*Dataset entries*:
▼▼▼

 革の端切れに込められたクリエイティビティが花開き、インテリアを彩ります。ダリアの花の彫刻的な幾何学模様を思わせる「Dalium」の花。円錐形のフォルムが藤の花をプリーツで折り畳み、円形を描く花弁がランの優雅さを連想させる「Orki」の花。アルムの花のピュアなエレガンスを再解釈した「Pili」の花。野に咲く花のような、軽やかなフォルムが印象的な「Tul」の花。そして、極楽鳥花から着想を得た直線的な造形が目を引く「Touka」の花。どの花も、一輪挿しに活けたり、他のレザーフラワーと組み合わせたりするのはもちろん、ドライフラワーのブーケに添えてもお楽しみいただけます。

▲▲▲
▼▼▼

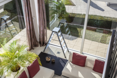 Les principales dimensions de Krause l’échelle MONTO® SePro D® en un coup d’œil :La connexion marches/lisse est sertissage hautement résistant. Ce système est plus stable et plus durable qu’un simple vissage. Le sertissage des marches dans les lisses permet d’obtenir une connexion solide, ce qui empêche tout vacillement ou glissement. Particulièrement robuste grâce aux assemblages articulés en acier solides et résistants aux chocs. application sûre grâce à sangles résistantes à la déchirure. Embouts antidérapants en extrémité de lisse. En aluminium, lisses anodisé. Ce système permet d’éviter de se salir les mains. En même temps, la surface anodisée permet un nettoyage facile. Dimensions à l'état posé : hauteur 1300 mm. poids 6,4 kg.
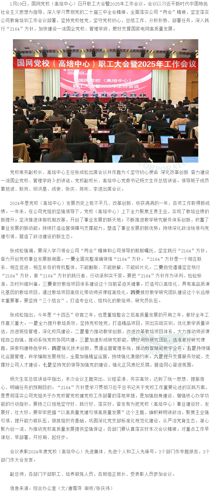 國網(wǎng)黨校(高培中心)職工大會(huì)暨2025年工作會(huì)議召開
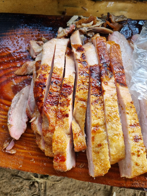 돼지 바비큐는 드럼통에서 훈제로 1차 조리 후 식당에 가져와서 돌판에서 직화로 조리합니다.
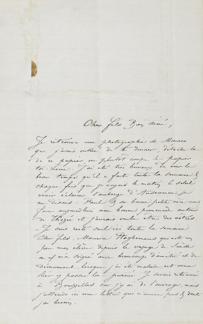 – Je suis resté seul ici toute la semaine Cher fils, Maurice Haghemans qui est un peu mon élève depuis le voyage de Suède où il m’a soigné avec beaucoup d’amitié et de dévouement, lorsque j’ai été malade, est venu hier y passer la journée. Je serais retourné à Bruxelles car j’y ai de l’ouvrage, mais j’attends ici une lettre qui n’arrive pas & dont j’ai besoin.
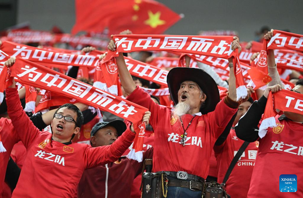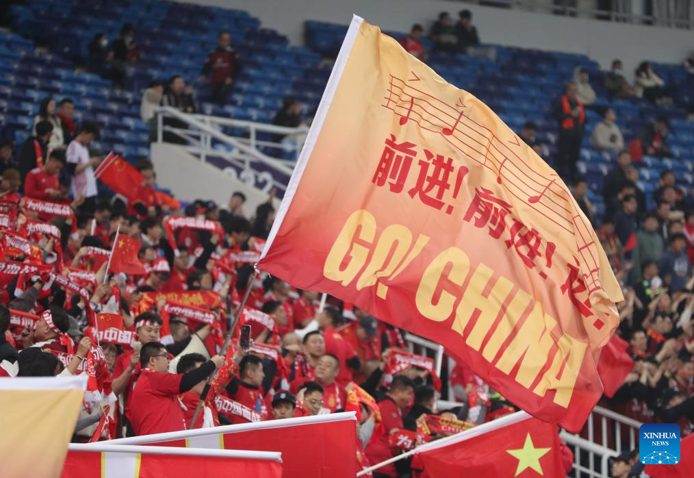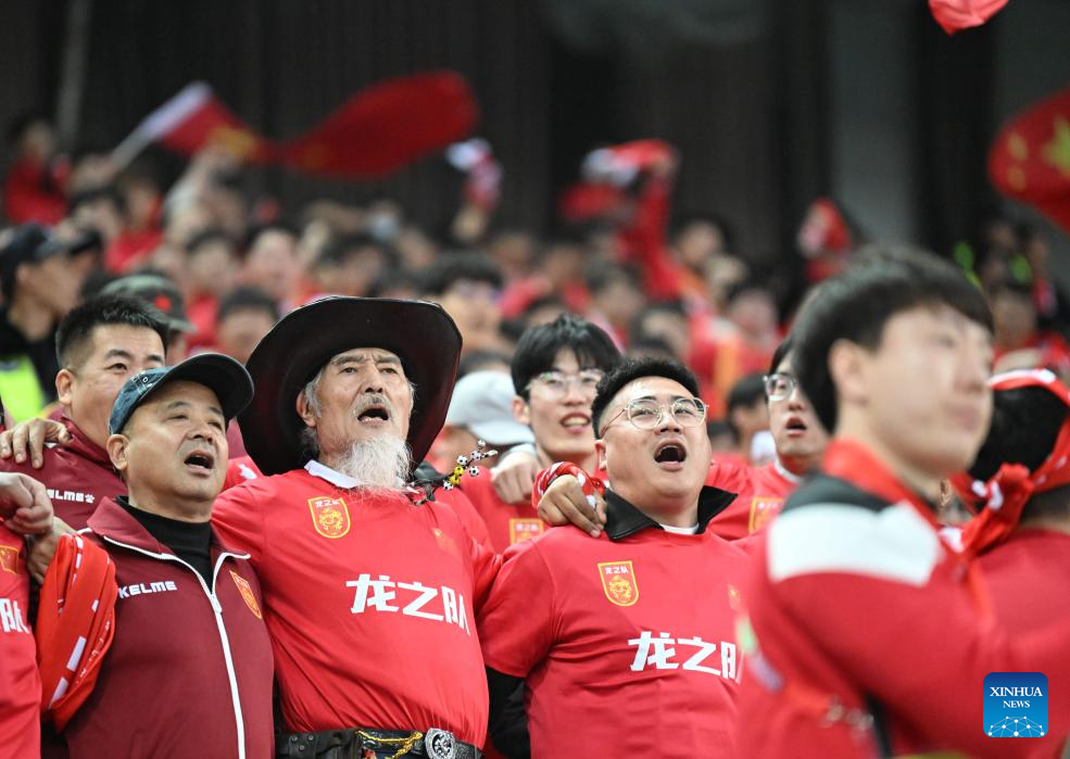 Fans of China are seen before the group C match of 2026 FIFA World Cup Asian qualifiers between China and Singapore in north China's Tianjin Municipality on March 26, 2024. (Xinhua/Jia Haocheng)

▲▲▲
▼▼▼

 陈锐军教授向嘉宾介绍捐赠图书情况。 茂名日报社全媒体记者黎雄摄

▲▲▲

*Problem*: Pictures excluded, reproduce only the part above that opens with the line holding "dont j’ai besoin." and closes with the line holding "Fans of China", exactly as written.

*Your response*:
 – Je suis resté seul ici toute la semaine Cher fils, Maurice Haghemans qui est un peu mon élève depuis le voyage de Suède où il m’a soigné avec beaucoup d’amitié et de dévouement, lorsque j’ai été malade, est venu hier y passer la journée. Je serais retourné à Bruxelles car j’y ai de l’ouvrage, mais j’attends ici une lettre qui n’arrive pas & dont j’ai besoin.
 Fans of China are seen before the group C match of 2026 FIFA World Cup Asian qualifiers between China and Singapore in north China's Tianjin Municipality on March 26, 2024. (Xinhua/Jia Haocheng)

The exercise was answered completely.